TASK ITEM:
Using only the entries below, output the lines starting at the one containing "Solid color style,crafted" and ending at the one containing "Какой странной, забавной", exactly and inclusive of both, omitting the pictures.

=-=-=-=-=

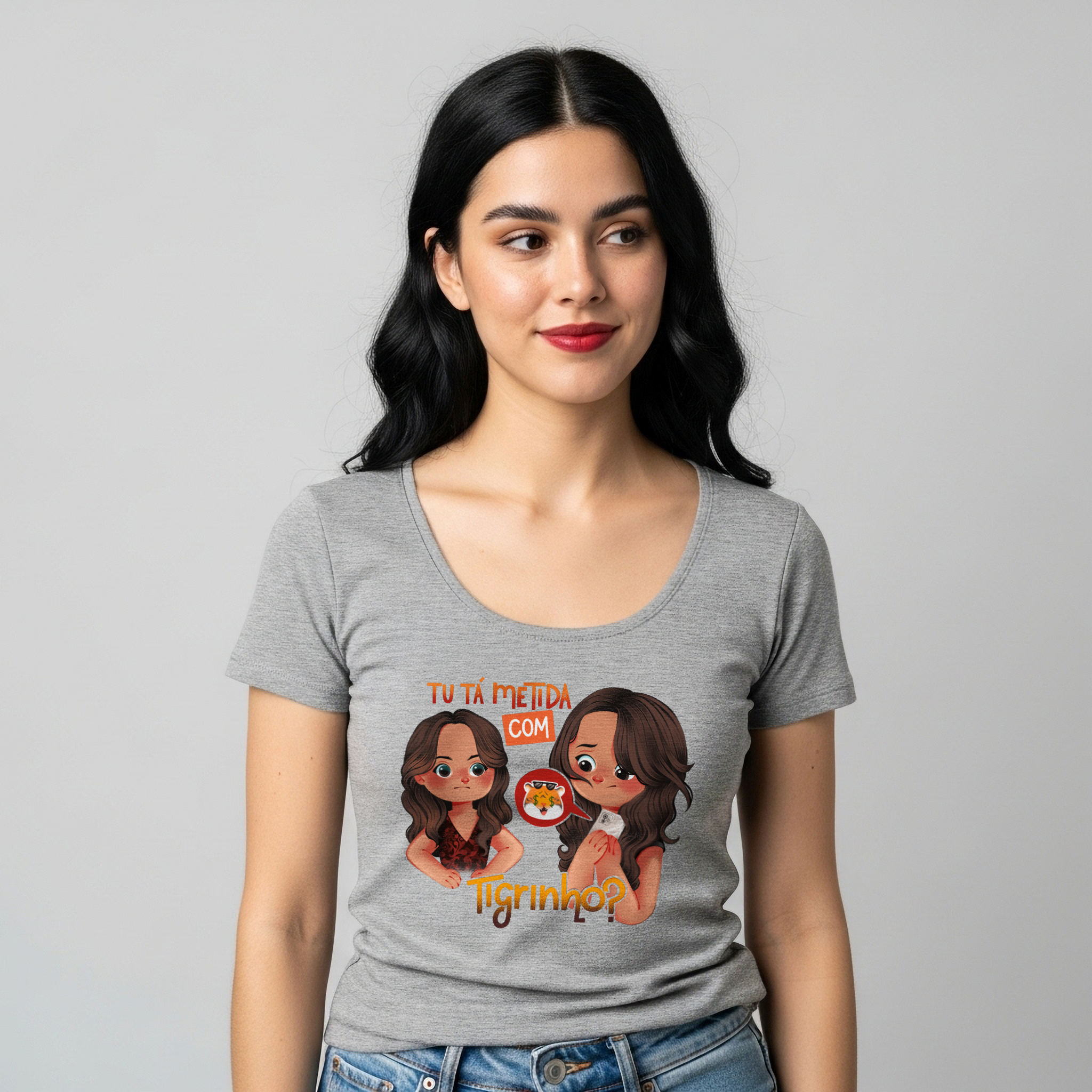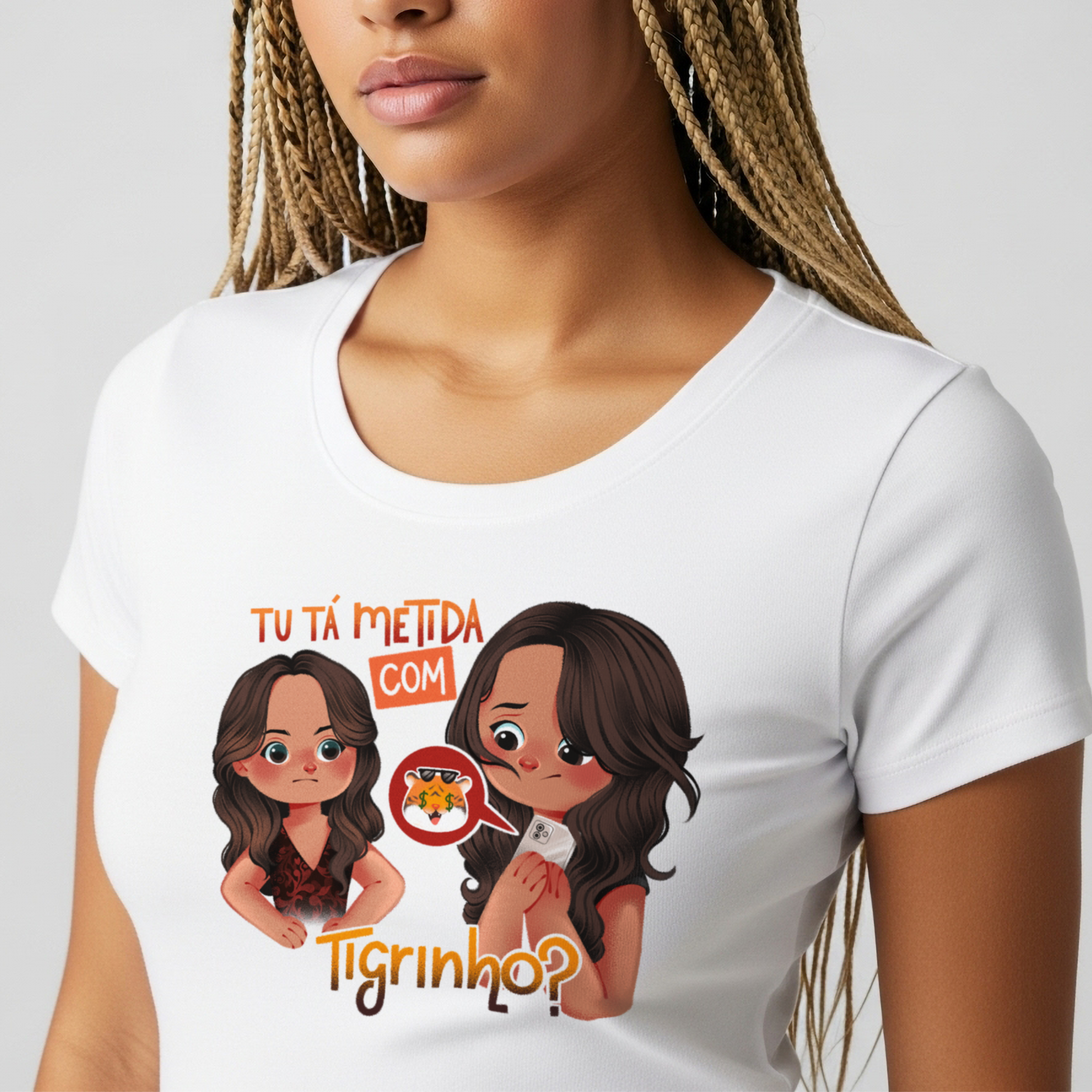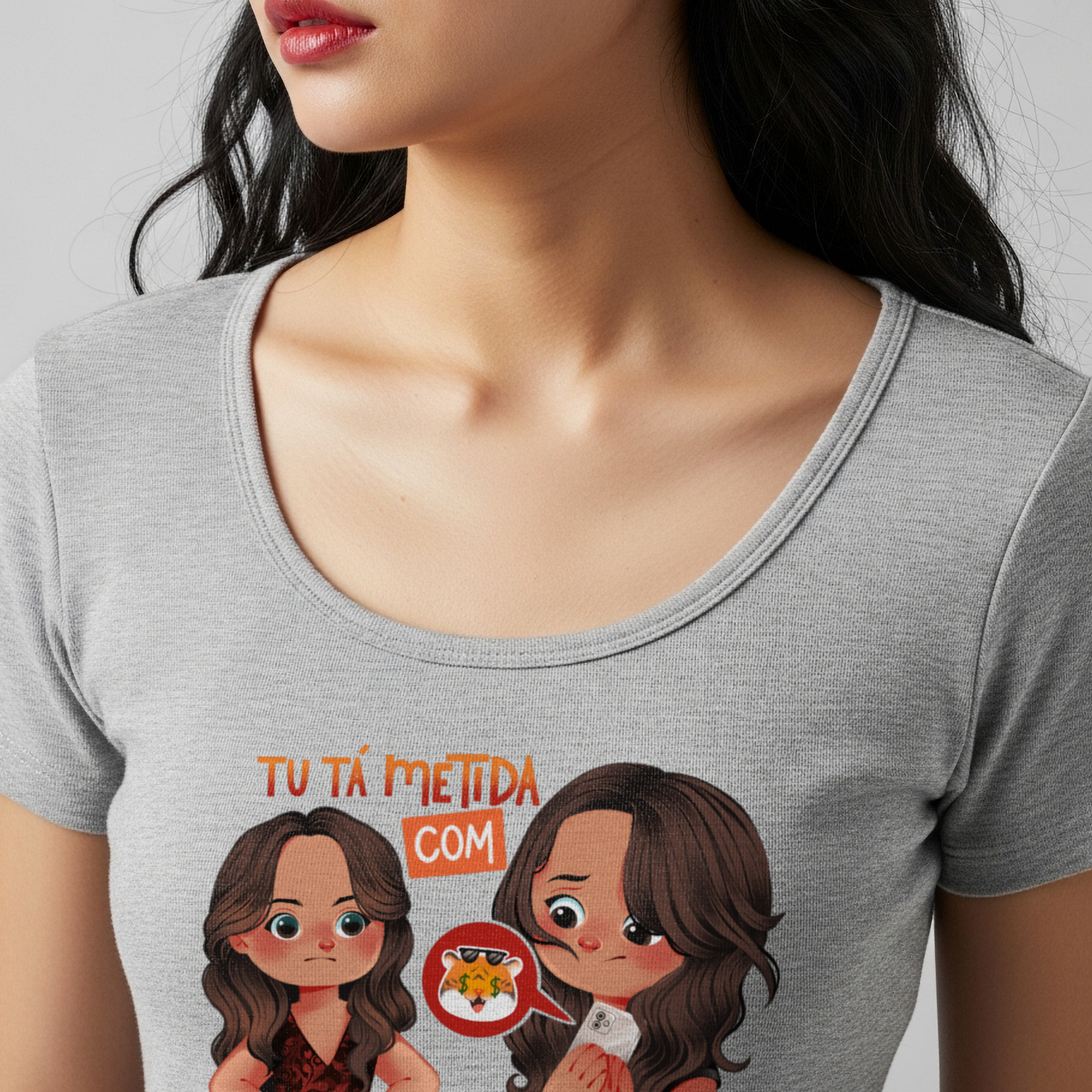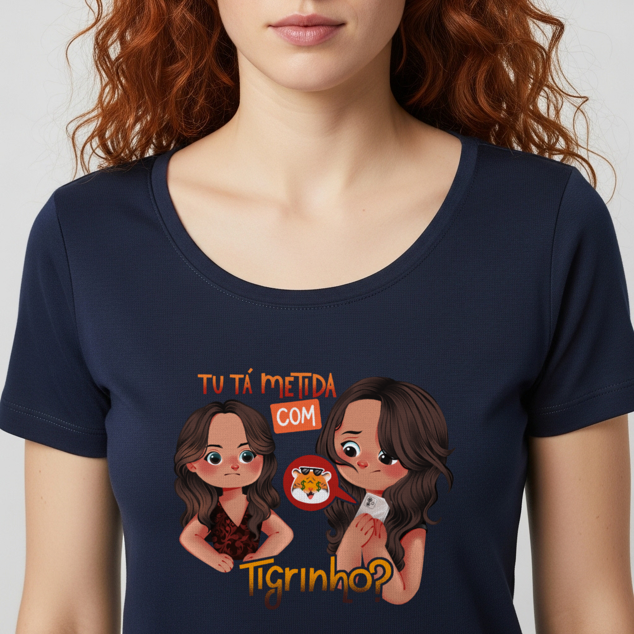 A camiseta Tu Tá Metida com Tigrinho? traz uma releitura bem-humorada de uma das cenas mais marcantes de Salve Jorge. Lucimar surge com aquele olhar que dispensa palavras, enquanto Morena esconde o celular, sem saber onde enfiar a cara. A frase icônica agora ganha um novo contexto, refletindo um hábito moderno que muita gente evita comentar. Um toque de crítica disfarçada de meme, perfeito pra quem ama novela, memes e verdades ditas com sutileza.
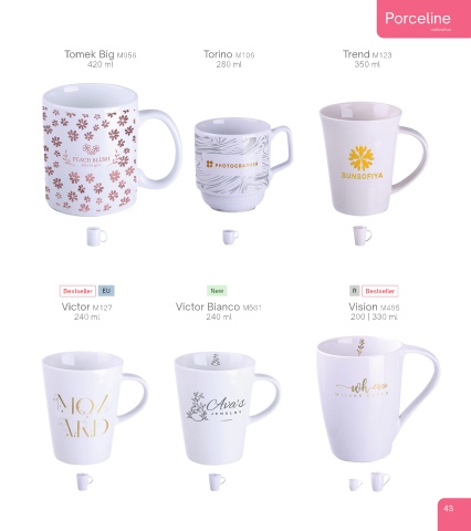 Porceline collection Tomek Big M056 Torino M106 Trend M123 420 ml 280 ml 350 ml Bestseller EU New R Bestseller Victor M127 Victor Bianco M561 Vision M495 240 ml 240 ml 200 | 330 ml 43
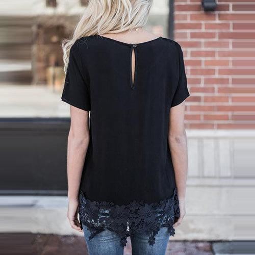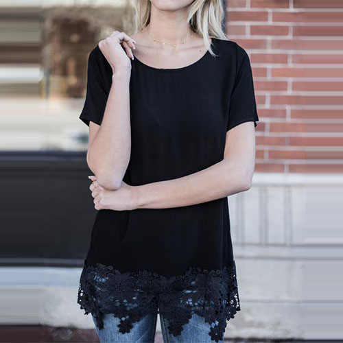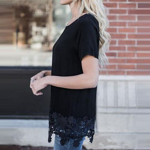 Solid color style,crafted from soft and cozy fabric,with short sleeve,round neck and lace spliced hem,this t-shirt definitely can
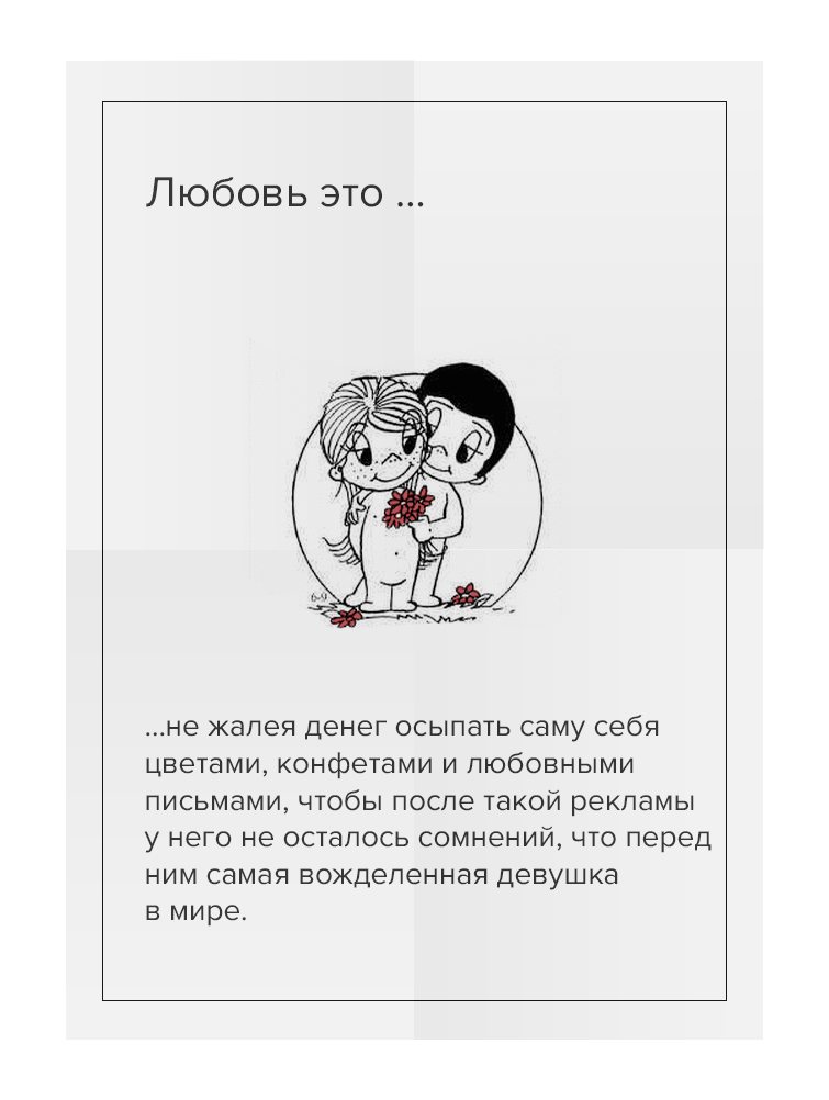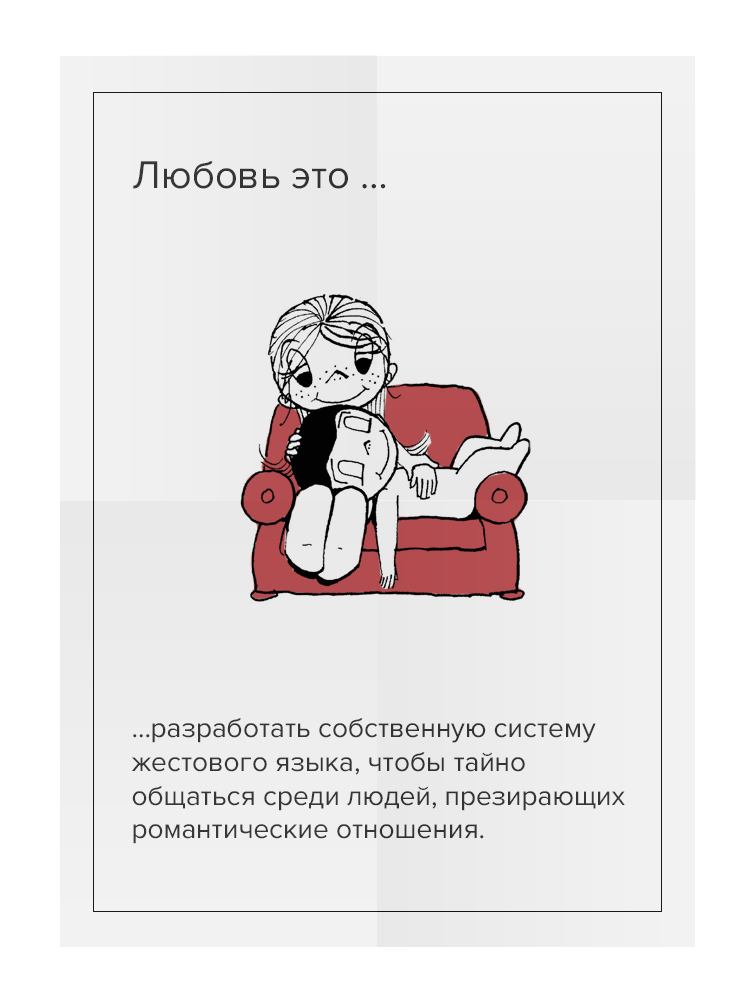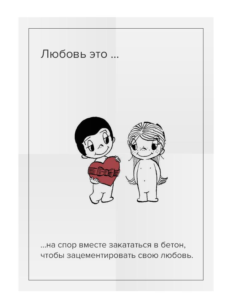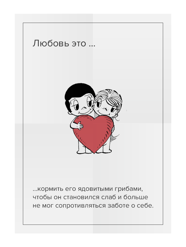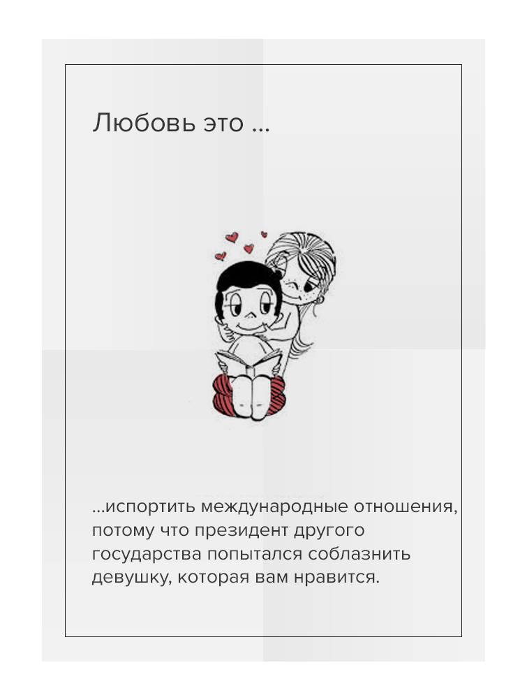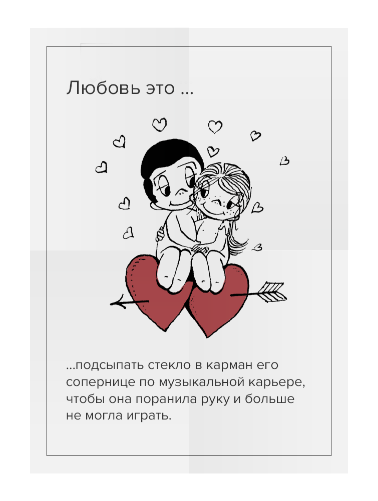 Какой странной, забавной и причудливой видят любовь некоторые кинематографисты! Мы провели исследование и результаты превратили во вкладыши незабвенной жвачки Love is. Наводите курсор на вкладыши, чтобы узнать, что за фильмы скрываются за ними. Только осторожно: не повторяйте эти трюки и не читайте, если боитесь спойлеров.
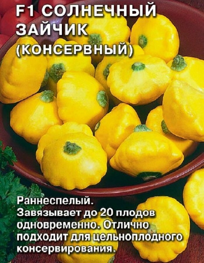 Раннеспелый (42-45 дней) гибрид. Растение мощное, кустовое, облиственное, с преимущественно женским цветением и обильным плодоношением. Практически одновременно завязывает и формирует до 20 плодов. Плоды ярко-жёлтые, небольшие, дисковидные, ребристые по краю, массой 150-250 г, с плотной, кремовой мякотью. Урожайность 5,5 кг/м2. Ценность гибрида: устойчивость к мучнистой росе, высокая завязываемость и дружное формирование плодов, пригодность для массовых сборов мелких завязей для цельноплодного консервирования. Рекомендуется для использования в домашней кулинарии и консервирования.
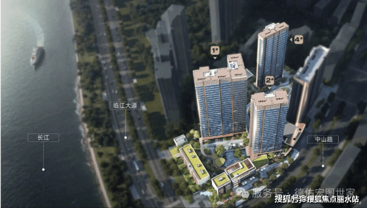 其中1号楼只有1个单元斜对着看江,1、2号楼部分看江,中高区西边套户型能做到正面看江和270°观江。
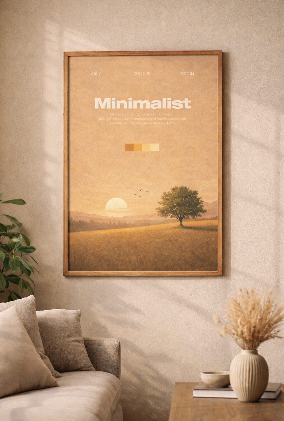 Denna poster förmedlar en varm och rofylld känsla med ett minimalistiskt landskap i gyllene toner. Motivet visar ett ensamt träd på en öppen äng som badar i mjukt solljus från en låg sol vid horisonten. I bakgrunden syns mjuka bergsformer och några fåglar som flyger över landskapet, vilket skapar en känsla av lugn, frihet och stillhet. Färgskalan i varma nyanser av guld, beige och mjuk orange gör att postern passar perfekt i ett vardagsrum, sovrum eller arbetsrum där man vill skapa en harmonisk och varm atmosfär med naturinspirerad känsla.
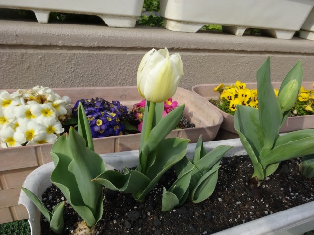 うめ組(4歳児)さんが植えていたチューリップ第1号が咲きました。
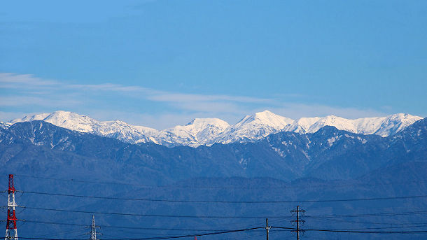 射水市小杉総合体育館付近から冠雪した白馬連峰 2024/11/13 撮影

=-=-=-=-=

RESULT BELOW:
 Solid color style,crafted from soft and cozy fabric,with short sleeve,round neck and lace spliced hem,this t-shirt definitely can
 Какой странной, забавной и причудливой видят любовь некоторые кинематографисты! Мы провели исследование и результаты превратили во вкладыши незабвенной жвачки Love is. Наводите курсор на вкладыши, чтобы узнать, что за фильмы скрываются за ними. Только осторожно: не повторяйте эти трюки и не читайте, если боитесь спойлеров.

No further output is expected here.